Int J Sustain High Educ 7(3):226–251CrossRef Youth Encounter on Sustainability (YES) Home page at: http://www.sustainability.ethz.ch”
“Sustainable development and academia In April 1989, I became president of the University of Tokyo and served in that capacity for 4 years. During my tenure, I argued that universities must be centers of scholarship that contribute to the sum total of human wisdom on a level that transcends disciplinary distinctions, such as between science and the humanities.
VX-661 order Toward that end, I fought for increases in research spending and improvements to the research and education facilities at Japan’s universities, which were in poor condition at the time.

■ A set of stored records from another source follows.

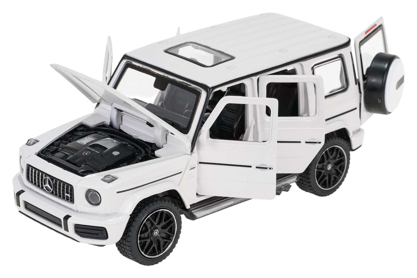 Poznaj precyzyjną replikę 1:32 Mercedes-Benz AMG G63 od RASTAR. Biała metalowa karoseria, solidna konstrukcja i realistyczny moduł dźwiękowy czynią z tego modelu doskonały dodatek do każdej kolekcji oraz imponujący punkt ekspozycji. Idealny dla kolekcjonerów, pasjonatów motoryzacji i prezentów.
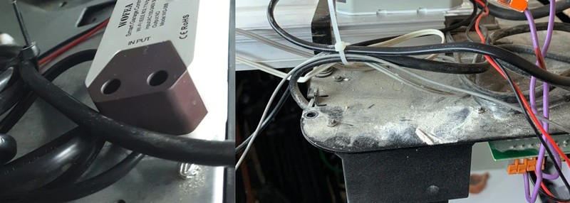 Her iki ucu soyulmuş veya düzleştirilmiş bir kağıt klipsli bir kabloyu, açıcıdaki duvar düğmesi terminalini kısa devre yapmak için alın (kırmızı renkle işaretlenmiş). Garaj kapısı açılırsa veya kapanırsa, bizim akıllı kontrolör ile çalışabilir.
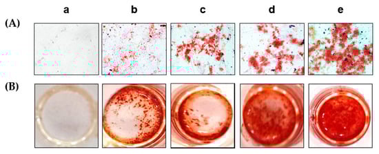 Induction of osteogenic differentiation of hMSCs. (A) von Kossa staining image of hMSCs after transfection with the indicated formulation. (B) Calcification of the cells detected by Alizarin Red S staining. The assays were carried out two weeks after the transfection. (a) untreated; (b) CaP/pBMP-2+mir148b; (c) dopa-HA/CaP/mir148b; (d) dopa-HA/CaP/pBMP-2; (e) dopa-HA/CaP/pBMP+mir148b.
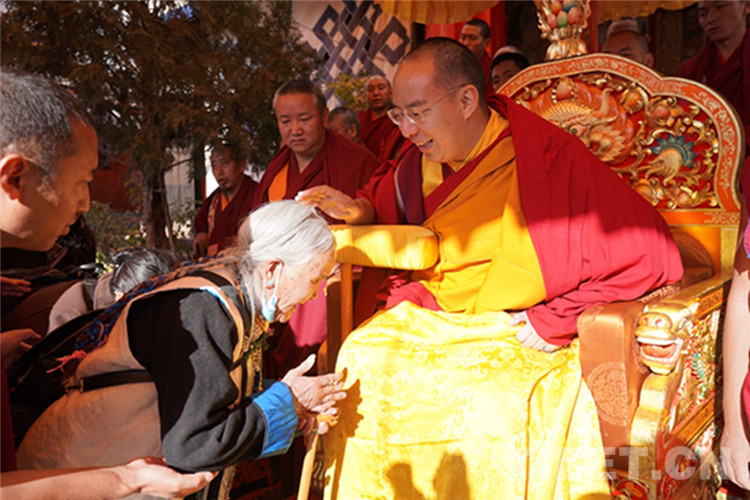 中国西藏网讯 11月13日至14日,全国政协常委、中国佛教协会副会长、中国佛协西藏分会会长班禅额尔德尼•确吉杰布在西藏日喀则市扎什伦布寺多加大院为信教群众摸顶赐福,这是近年来规模最大的一次班禅摸顶赐福活动。图为班禅摸顶赐福 摄影:王淑(中国西藏网 记者/王淑 贾华加)
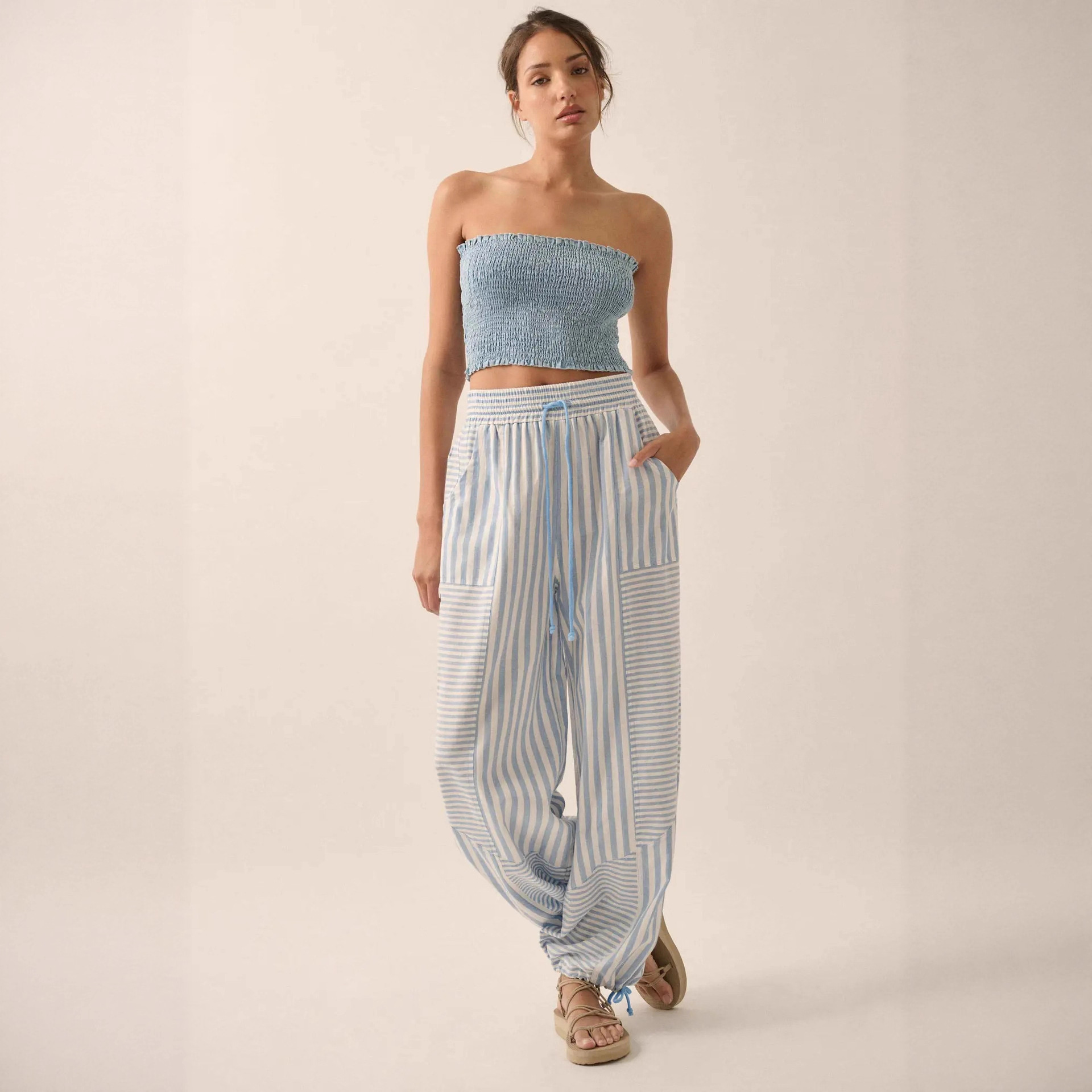 Best-Selling Casual Beach Pants: Breathable, Full-Length Trousers with Drawstring Waist, Pockets, and Striped Print
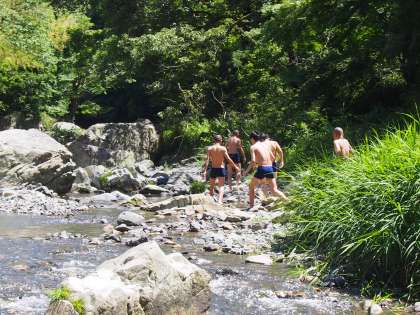 摂津峡に到着してからは、河原でカレーを作って食べたり川遊びをしたりと、大自然を満喫しました。川の水はまだまだ冷たかったですが、子どもたちは普段見せない無邪気な表情を見せて楽しんでいました。先生方もマイナスイオンを体いっぱいに浴びて、日頃の疲れを癒していました。
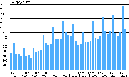 Omakotitalotonttien kauppojen lukumäärät 1994/1-2005/3
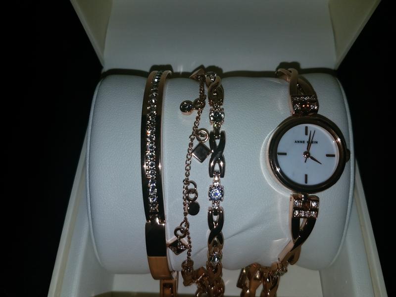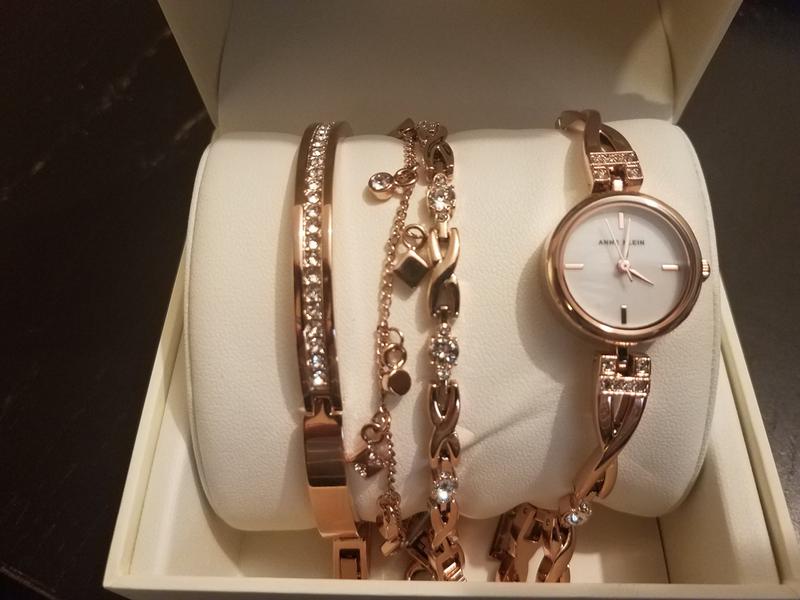 Pictures of this set don't do it justice. The rose gold color is so pretty in person. I love the bracelets and wear at least one every day, they aren't showing any signs of wear to the color like a lot of pieces do. The watch itself is an elegant contribution to any occasion. The fit is standard, and easy to adjust. This is my first Anne Klein product, but won't be my last.

In 1995, the Japanese government implemented the Basic Law on Science and Technology and followed up in 1996 with the Science and Technology Basic Plan. This plan, which is revised every 5 years, has helped spur Staurosporine in vitro a dramatic increase in competitive funding and other outlays for science and technology research. Even so, research and education in Japan still face many problems. First of all, funding for the humanities and social sciences is far too meager. If we are to contribute to the advancement of humanity, we must encourage the balanced development of both the hard sciences and the humanities, for which the latter area in particular requires more investment. Second, funding remains woefully insufficient for education on all levels—primary, secondary, and higher. From the standpoint of long-term policy for our nation, substantive improvement in this area should be a major priority for Japan. The University of Tokyo, like other universities, has recently seen criticism
aimed at the ‘reductionist’ fragmentation of academic disciplines, with many voices calling for a merging of the sciences and humanities. While I strongly advocate balanced development in both areas, I personally consider it impossible for any one individual to master the entire spectrum of knowledge. mafosfamide Therefore, I think it is unrealistic to expect all students and researchers to gain a comprehensive knowledge of both the sciences and humanities. What I do hope is that scholars in either area will acquire a certain degree of familiarity with the other. At universities, this can be achieved by requiring a minor as well as a major of students. For this same reason, is it not unrealistic to envision a generation of sustainable development ‘specialists’ whose perspective simultaneously encompasses the entire field? What research for sustainable development Compound C manufacturer demands is, if anything, increasingly specialized work by experts in such fields as energy, food, and water; however, they must also be capable of collaborating in the overall effort to solve global environmental problems.